BEGIN DATA SHOWN

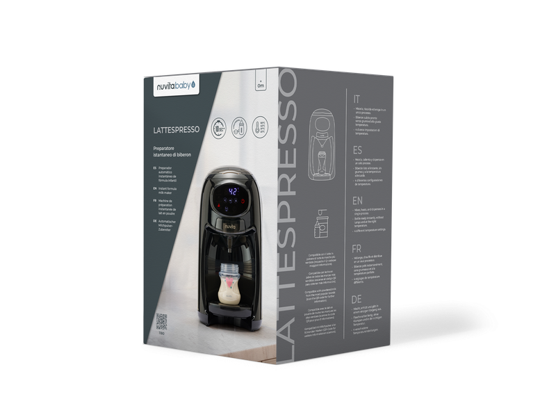 Notti più tranquille e giornate più leggere per te e niente più attese per il tuo bimbo: con Lattespresso in pochi secondi il biberon è pronto, alla temperatura perfetta e senza grumi.
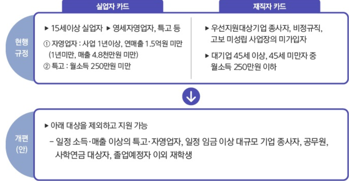 단, 공무원, 사립학교 교직원, 졸업예정자 이외 재학생, 연 매출 1억 5천만 원 이상 자영업자
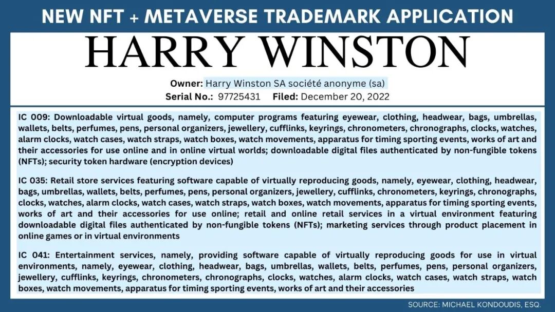 享有“钻石之王”美誉的美国珠宝品牌 Harry Winston 于 2022 年 12 月 27 日注册了提交了与 NFT 和元宇宙相关的商标注册。根据律师 Mike Kondoudis 在推特上发布的信息,该品牌提交注册的产品和服务包括虚拟服饰、珠宝、眼镜、手表、虚拟商铺,以及由 NFT 技术支持的媒体等等。
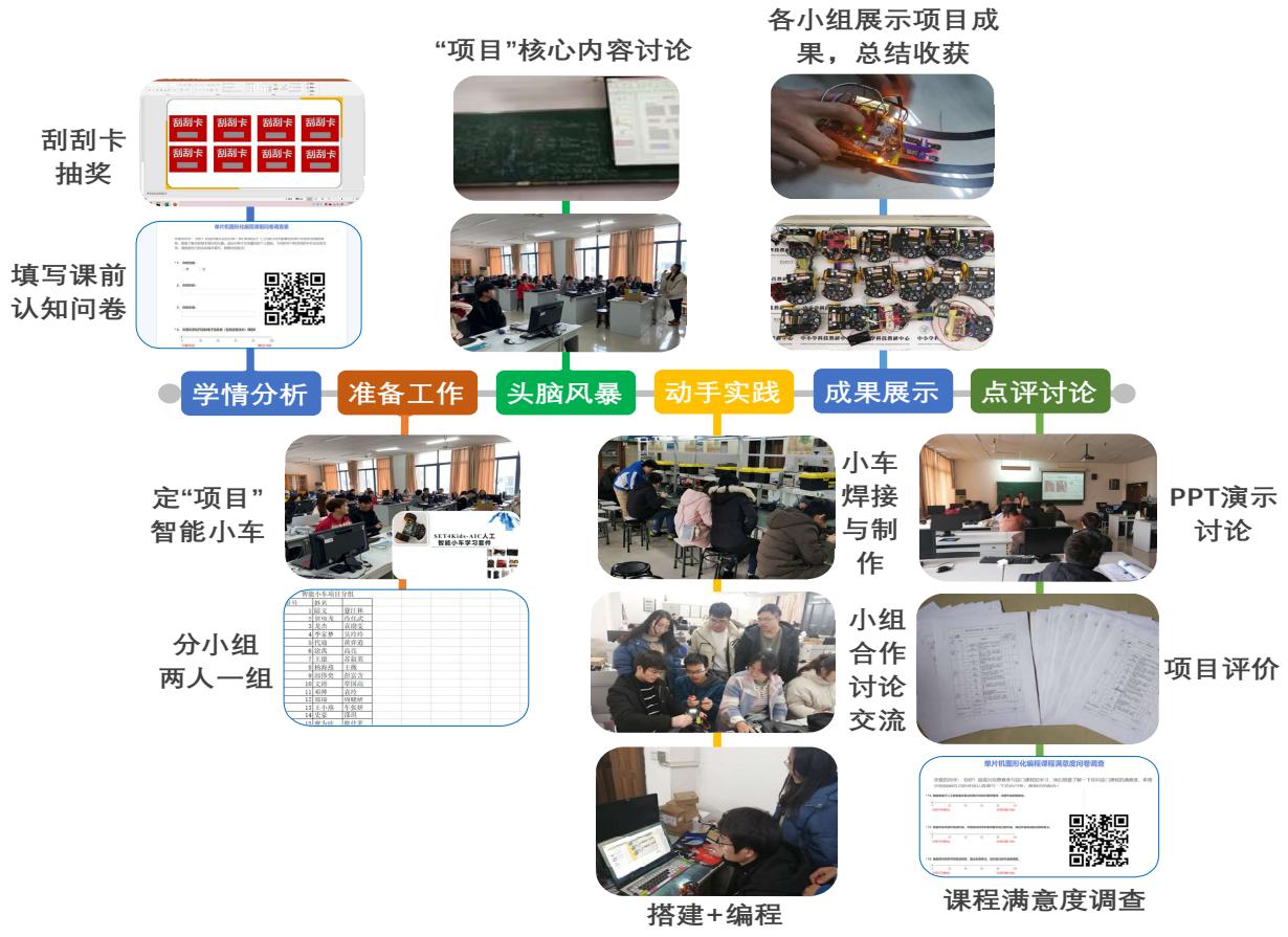第三阶段学生实践反馈和学习活动拓展,根据建立好的评估指标体系和相应的评价表,对学生的项目完成度从设计、操作以及创新等方面做出点评,取长补短。
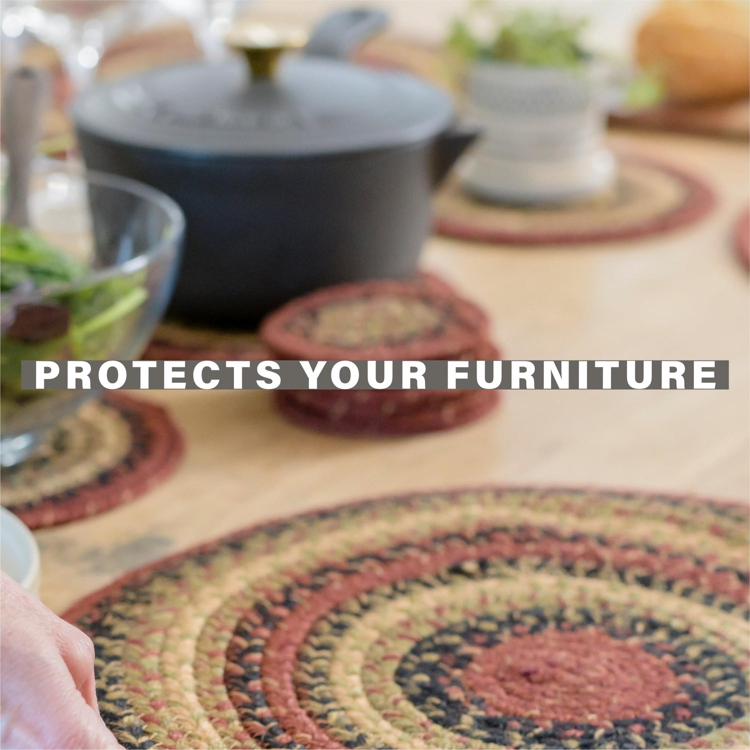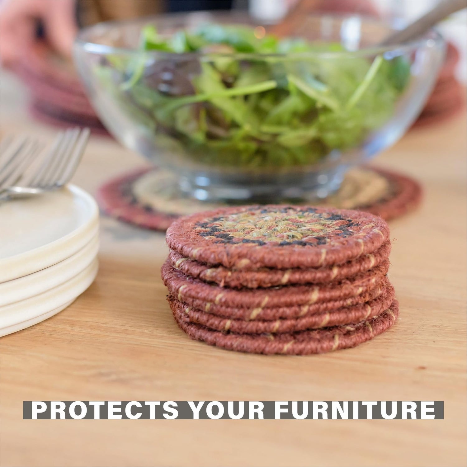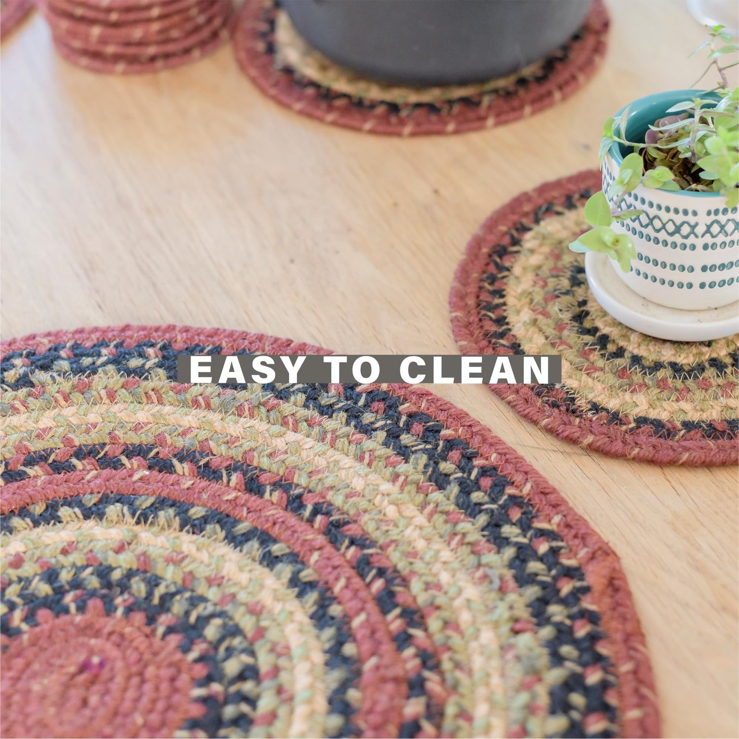 Daily Maintenance: Shake out placemats and table runners regularly. For coasters and trivets, wipe clean after each use.
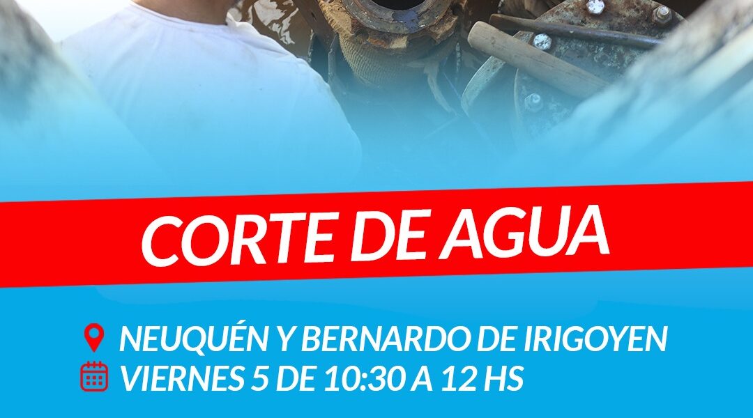 El servicio de Agua Corriente dependiente de la Secretaría de Obras Públicas informa que este viernes –5 de diciembre–se realizará un corte de agua programado por trabajos de empalme en calle Neuquén esquina B. de Irigoyen. Horario: de 10:30 a 12:00 hs. Se solicita a la comunidad hacer un uso responsable del agua para evitar desabastecimiento
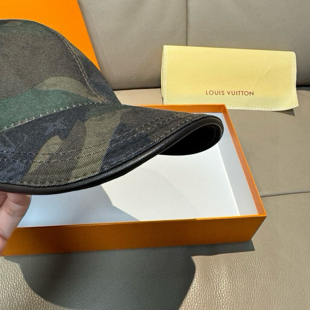 With a box and cloth bag, the new original single baseball cap from LV(Louis Vuitton), camouflage LV, 1:1 mold custom-made at the counter, original canvas material + top-grain cowhide, light and breathable! The quality is superb. The basic head circumference is 56, and the patch is adjustable.
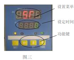 4.1 見圖三,按SET 鍵4 秒后,PV 屏顯示“ ”字符時,若SV 屏顯示“0”,表明未設定定時功能(出廠狀態)
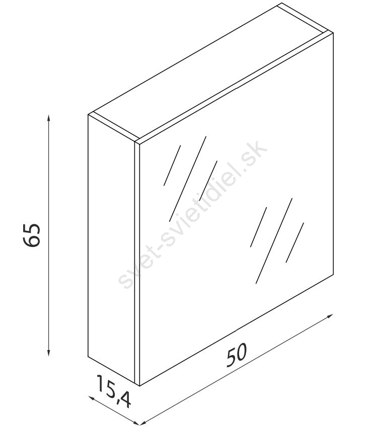 • Skrinka má zrkadlové dvierka s tlmeným dovieraním.
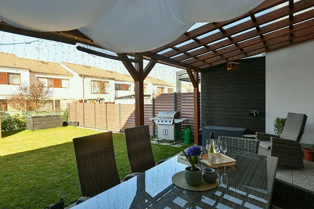 Příjemná dispozice rodinného domu 4+kk nabízí novému majiteli prostornou vstupní chodbu, se samostatnou toaletou, technickou místností a skladem, dále pak obývací pokoj s prakticky oddělenou kuchyní. Z obývacího pokoje je vstup na terasu, kterou chrání na zakázku instalovaná dřevěná pergola a tím je zajištěno klidné posezení i při nepříznivém počasí. Z terasy je možné dále pokračovat na zahradu s vyvýšeným záhonem a zahradním domkem. Ve 2. NP jsou 3 ložnice, šatna a koupelna se sprchovým koutem, vanou, toaletou a dvěma umyvadly. Jako skladovací prostor je možné využít i pochozí půdu domu.
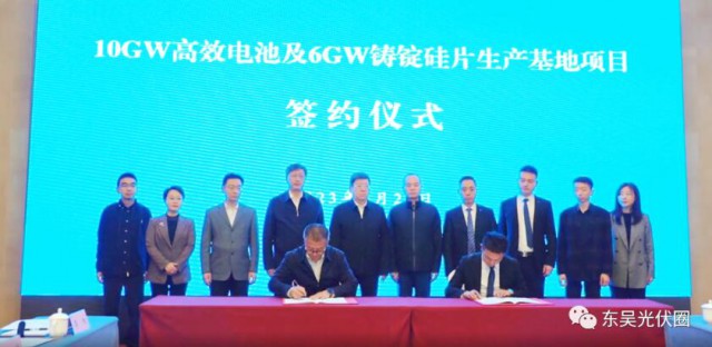 據了解,無錫合旺新能源科技有限公司是一家專注于光伏電池片的研發、產銷為一體的科技型企業。此次簽約的10GW高效電池及6GW鑄錠硅片生產基地項目總投資50.4億元。其中,10GW高效電池項目總投資為39.1億元,達產后營收100億元;6GW鑄錠硅片生產項目總投資為11.3億元,達產后營收30億元。
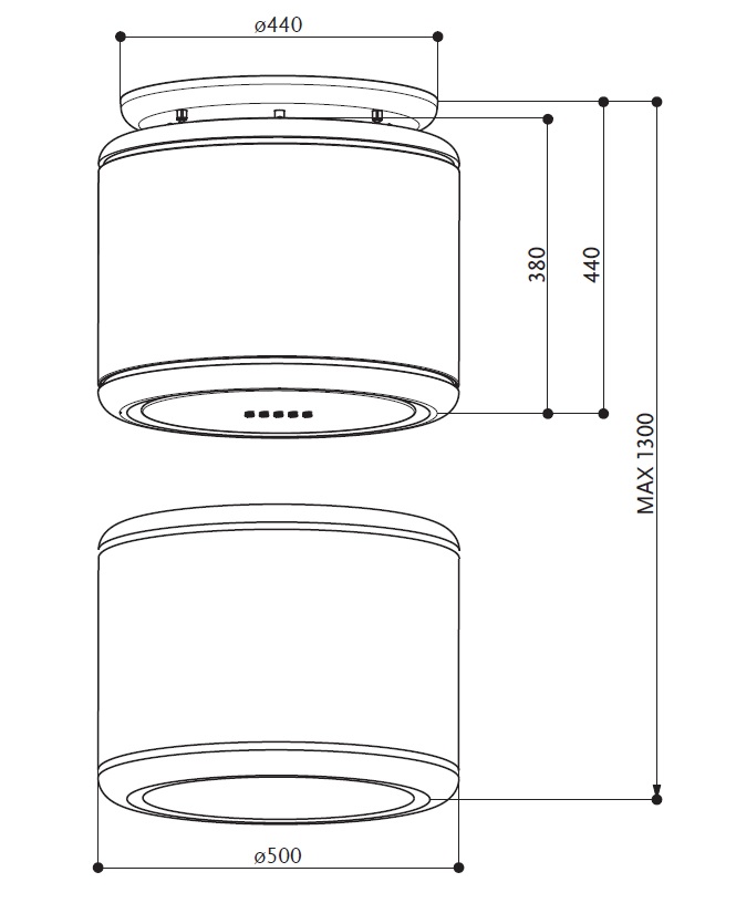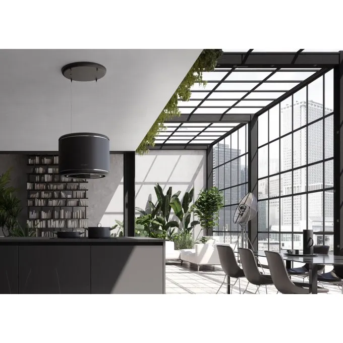 Dokonale válcový tvar ukrývá high-tech srdce digestoře ODETTE a dodává kuchyni nezaměnitelný nádech současného designu.

END DATA SHOWN

Pictures aside, return exactly the lines from the data above, starting at the line that has "단, 공무원, 사립학교" and ending at the line that has "Daily Maintenance: Shake", both included.

EXERCISE OUTPUT:
 단, 공무원, 사립학교 교직원, 졸업예정자 이외 재학생, 연 매출 1억 5천만 원 이상 자영업자
 享有“钻石之王”美誉的美国珠宝品牌 Harry Winston 于 2022 年 12 月 27 日注册了提交了与 NFT 和元宇宙相关的商标注册。根据律师 Mike Kondoudis 在推特上发布的信息,该品牌提交注册的产品和服务包括虚拟服饰、珠宝、眼镜、手表、虚拟商铺,以及由 NFT 技术支持的媒体等等。
第三阶段学生实践反馈和学习活动拓展,根据建立好的评估指标体系和相应的评价表,对学生的项目完成度从设计、操作以及创新等方面做出点评,取长补短。
 Daily Maintenance: Shake out placemats and table runners regularly. For coasters and trivets, wipe clean after each use.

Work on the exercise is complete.